Using the probability (p-value) generated from the ANOVA output of each linear model, we determine if the methylation coefficient (β1) is significantly different from zero. A significantly positive coefficient indicates that increased methylation levels are associated with high gene expression. A significantly negative coefficient means that high methylation levels are associated with low gene expression levels. Using the p value and coefficient, we identify genes with a positive correlation between gene expression and methylation and those with a negative correlation. To make sure our results are biologically significant, we look for large correlations and thus extract genes with methylation coefficients |methy.coeff| > 0.5 and an even more stringent condition |methy.coeff| > 1. We then extract genes fitting both conditions (i.e., p value and methylation coefficient). Our results are summarized in Table 1. “Pairs” refers to the number of probeset and probe (m × n) pairings that qualify under each condition; “Genes”, on the other hand, means the number of unique genes that meet each specification. The number of genes is less than the number of pairs because a unique gene may correspond to several probeset and probe pairs.

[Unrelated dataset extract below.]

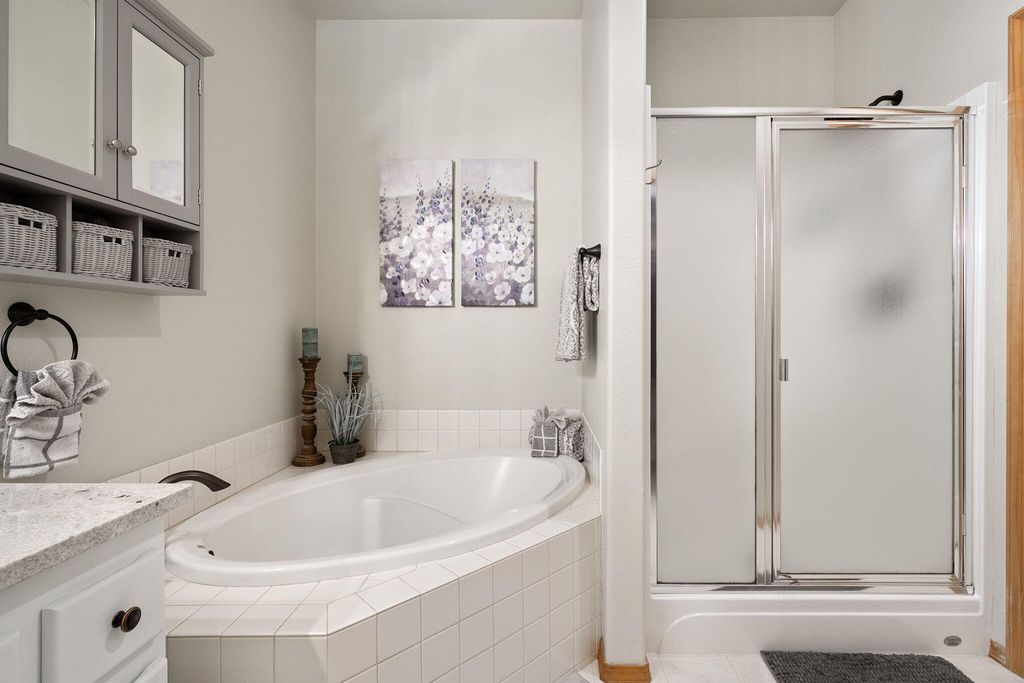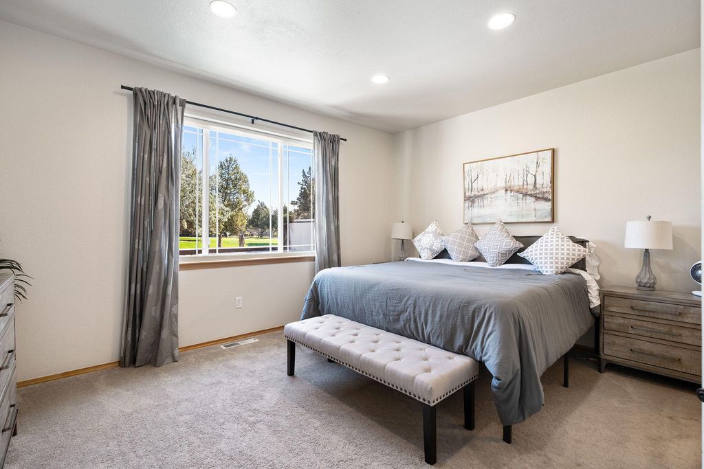 Experience resort-style living at its finest at Eagle Crest! This stunning 4 bedroom, 3.5 bath townhome offers an unparalleled close proximity to the resort's amenities. Uniquely showcasing two primary bedrooms fitted with luxurious showers and soaker tubs, it makes for an ideal home or short-term rental. Set on the picturesque green of the Eagle Ridge Challenge Course's 1st hole, this spacious property extends charming features like barnwood accent walls installed by expert craftsmen, water and scratch-proof vinyl plank flooring, and a newly updated deck complete with a newer model hot tub. The recent addition of a new roof and an electric charger for vehicles enhances the value of this home. Modern home systems like a new recirculating water heater and newer washer and dryer have been fitted for your comfort. The great room, spotlighting open shelves, a wet bar, and a beverage refrigerator, awaits your cheerful celebrations and guest visits. Buyer due diligence on short term rental.
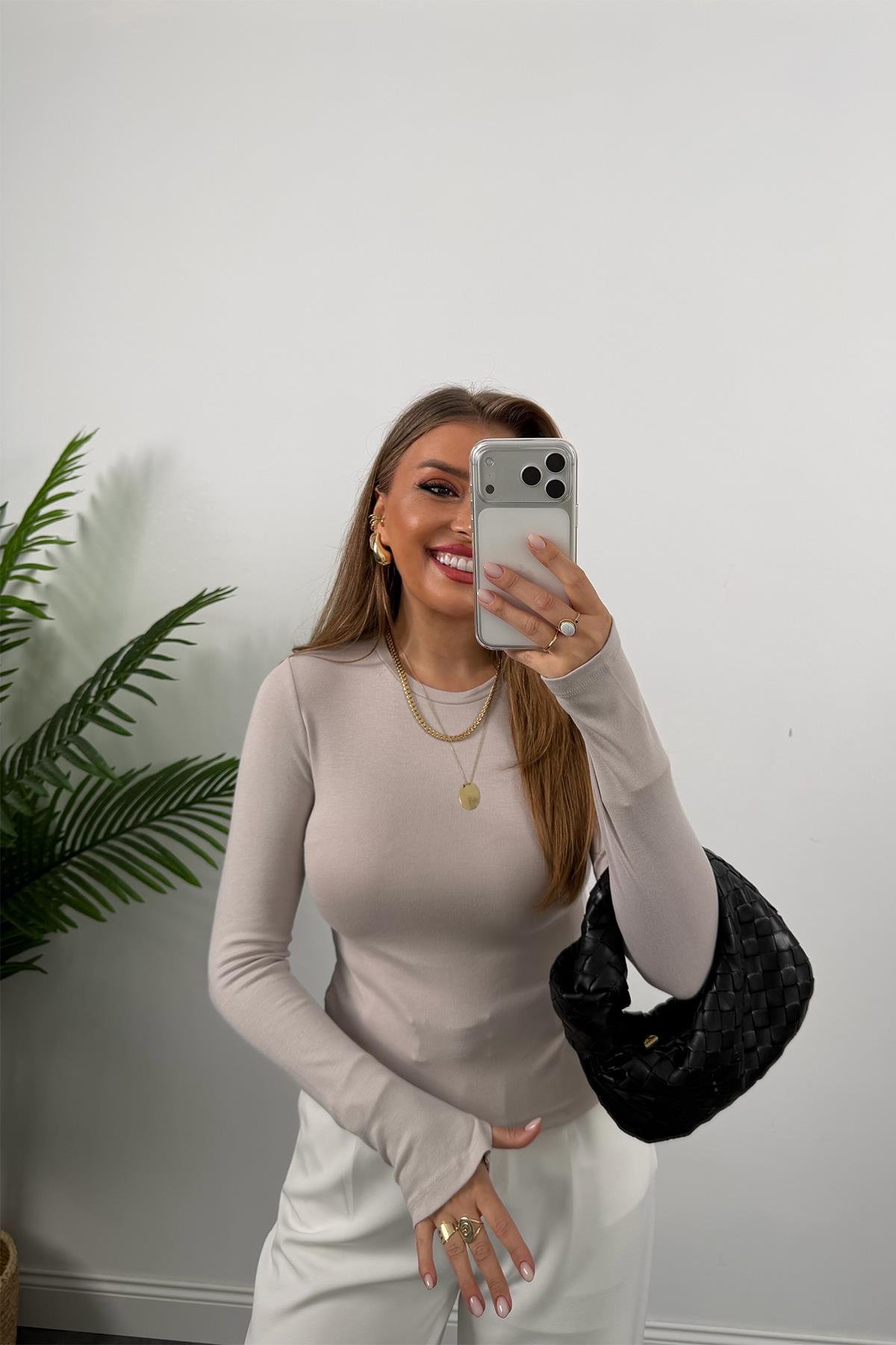 Massi Model Tam Pamuklu Soft Touch Likralı Basic Body Taş (A15406)

In order to further analyze these genes, we use the same linear modeling and analysis of variance described above and summarize each gene by examining all of the m × n pairs and determining how many are significant. Looking at the number of probesets and probes each unique gene corresponds to, there is a large variation among the genes. Therefore, we label a gene as “long” (i.e., a long gene) if it has more than two corresponding probesets in the gene expression data or more than 20 corresponding probes in the methylation data. Otherwise, we call it a “short” gene. Long genes have more pairs of probesets and probes than short genes, so it is not proper to use the same criteria for long and short genes. Distinguishing between long and short allows us to apply more stringent cut-off values on the short genes and more lenient cut-off values when analyzing the long genes. Furthermore, we call a gene’s correlation positive if more than half of the probeset and probe pairs have a positive methylation coefficient. Similarly, the correlation is negative if more than half of the pairs have a negative methylation coefficient. If both of these conditions are false, we conclude that the gene has no correlation.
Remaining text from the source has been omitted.